2.2. Effect of bvPLA2 on the Inflammatory Cytokine Levels in LPS-Induced Abortion Mice
Next, the serum cytokine levels of each group were analyzed using the CBA mouse Th1/Th2/Th17 Cytokine Kit (Figure 2A). The IL-4 concentrations in serum in the LPS and LPS + bvPLA2 groups showed no significant differences compared with those in the PBS group (Figure 2B). The proinflammatory cytokines IFN-γ and TNF-α play important roles in the pathogenesis of early embryo loss. Compared with the expression in the PBS group, the IFN-γ and TNF-α expression levels in serum samples were significantly increased in the LPS group (Figure 2C,D). Most significantly, bvPLA2 treatment resulted in a substantial decrease in IFN-γ and TNF-α levels in all mice compared with those in LPS-injected mice. However, there was no apparent change in the serum levels of IL-4 by bvPLA2 treatment. There was no significant change in the serum IL-17A expression after LPS injection (Figure 2E). However, the IL-17A concentration was decreased significantly in the LPS + bvPLA2 group compared with that in the LPS group. Elevated serum IL-10 levels, produced by Treg cells, were detected only in the LPS + bvPLA2 group, representing the induction of Treg cells by bvPLA2 treatment (Figure 2F).

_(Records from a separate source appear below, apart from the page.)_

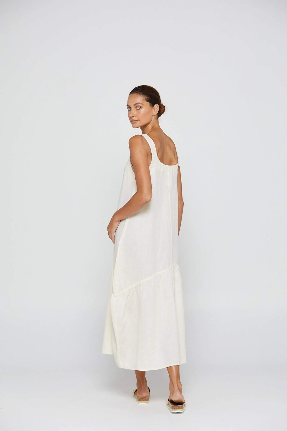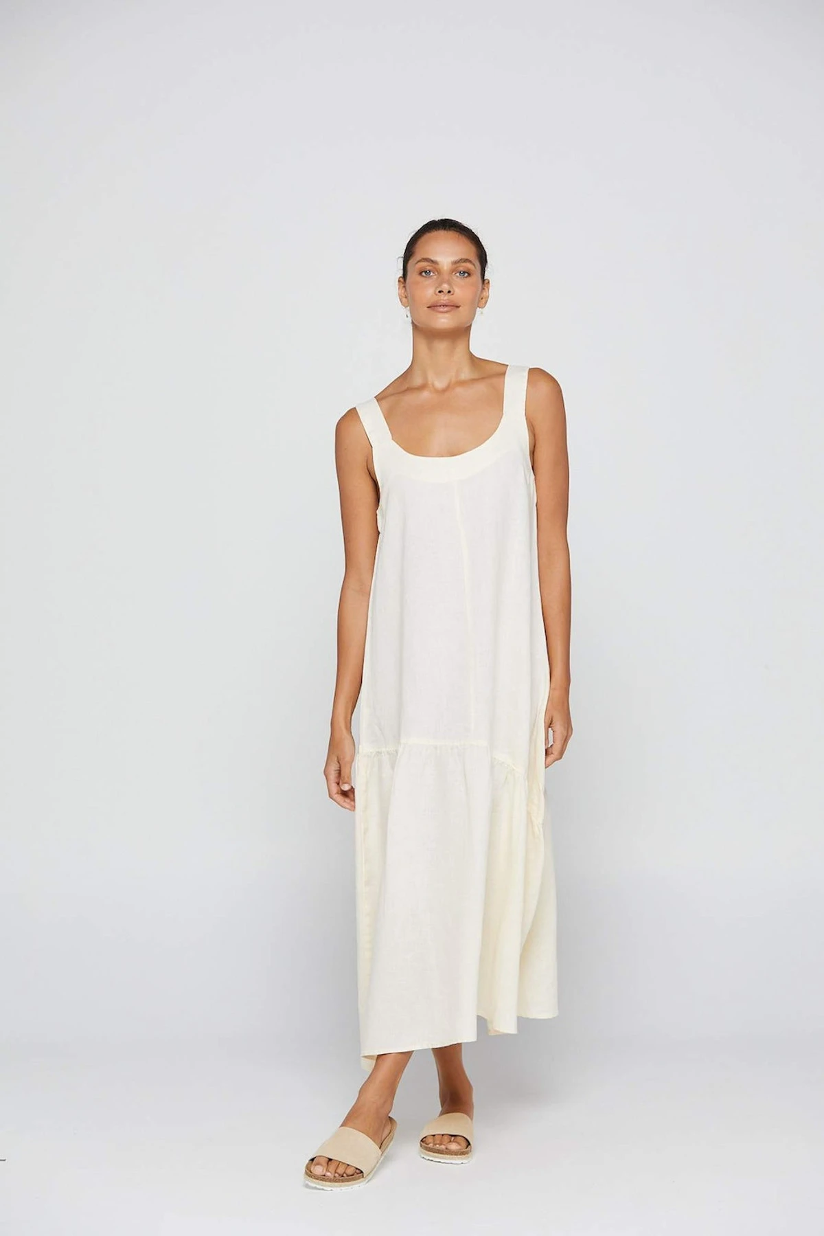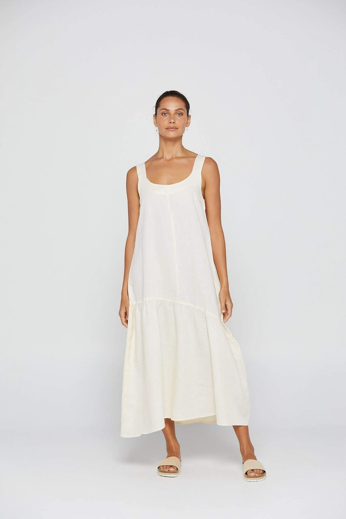 The By Ridley Melany Dress crafted from 100% linen this dress features a scoop neckline, thick shoulder straps and gathered asymmetric seam. Refresh your summer wardrobe with this flattering, summery midi dress.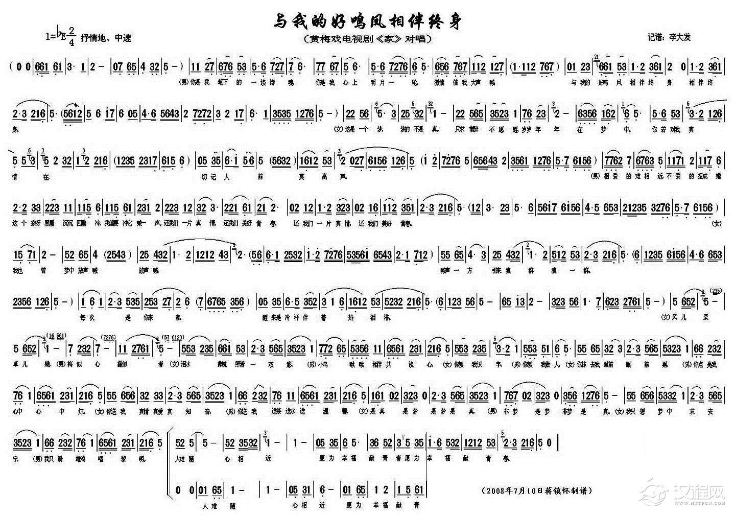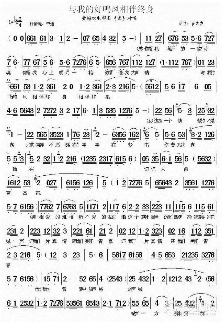 戏曲曲谱你似凤凰我是山鸡(《啼笑因缘》男女对唱)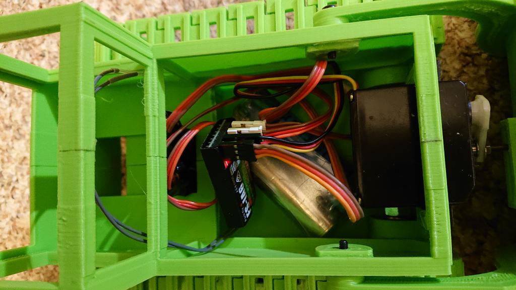 Ovládání je FlySky i6, protože je to malý vysílač do dětské ruky. Serva jsou v kanálu 1 a 3. Nahozeny dva mixy 1->3 100% a 3->1 100%. Fungu je to. Uvnitř to budu muset ještě trochu učesat a doplnit vypínač. Jezdím na dvě lionky napřímo. Serva i přijímač to zatím zvládají, i když je to za jejich limitem.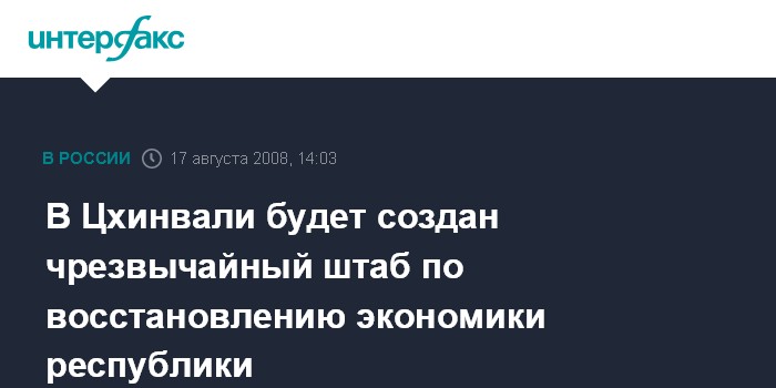 В Цхинвали будет создан чрезвычайный штаб по восстановлению экономики республики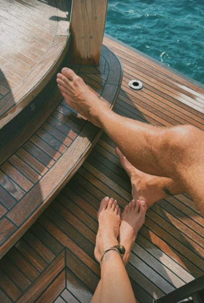La Rodriguez e De Martino si rilassano tra calici di vino gustati al tramonto, coccole e sbarchi fugaci a terra, dove immancabilmente i fan chiedono loro un selfie. Stefano è un vero capitano al timone del suo lussuoso gozzo Positano Open 38, la più grande delle imbarcazioni dei cantieri navali Nautica Esposito. La barca misura 11,50 metri e può portare fino sedici persone con sei posti letto. E’ comodissimo starci su.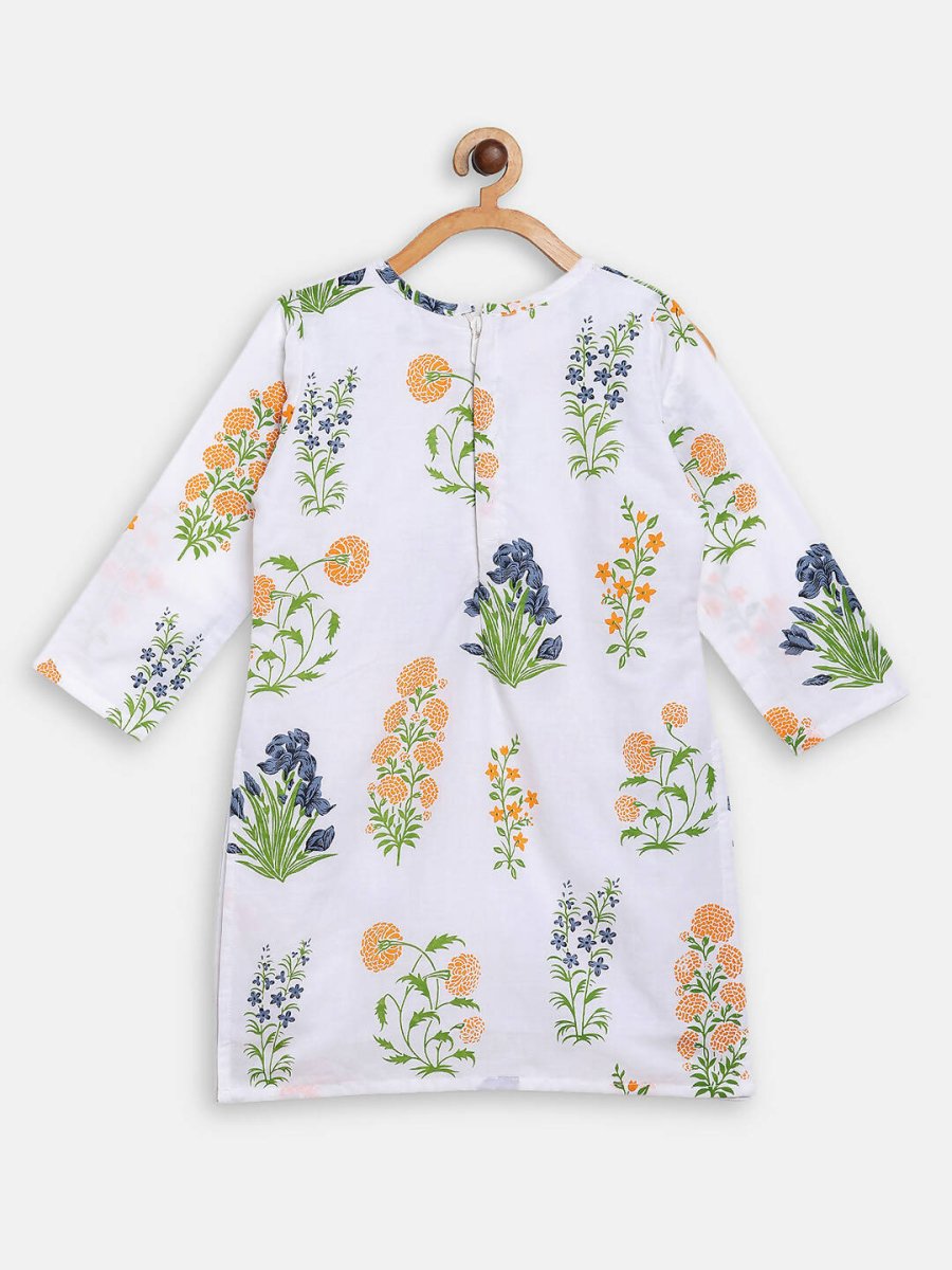 Ahalyaa White Cotton Straight Floral Printed Kids Kurta Pant Sets With Dupatta For GirlsThis offering by Ahalyaa is a perfect pick for a hot day fo...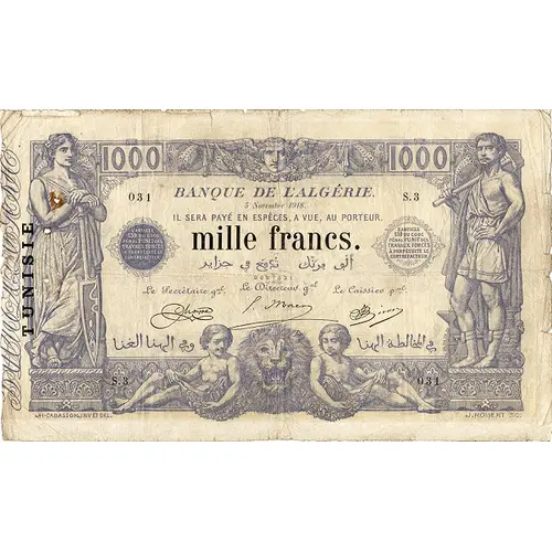 | Obverse lettering | BANQUE DE L`ALGÉRIE IL SERA PAYÉ EN ESPÈCES, A VUE, AU PORTEUR MILLE FRANCS L`ARTICLE 139 DU CODE PENAL PUNIT DES TRAVAUX FORCES A PERPETUITÉ LE CONTREFACTEUR TUNISIE JH-CABASSON, INV ET DEL. CH - J. ROBERT SC. |

2.3. bvPLA2 Pretreatment Inhibits LPS-Induced TNF-α Production
Next, we asked whether the elevated TNF-α levels in serum samples would also occur in the uterine tissues of LPS-injected mice and whether bvPLA2 administration would result in altered expression of TNF-α. By RT-PCR and ELISA analysis, we found that LPS injection resulted in a significant upregulation of TNF-α mRNA and protein expression compared with that in the PBS group (Figure 3A,B). Of interest, pretreatment with bVPLA2 significantly repressed the LPS-induced elevation of the TNF-α level.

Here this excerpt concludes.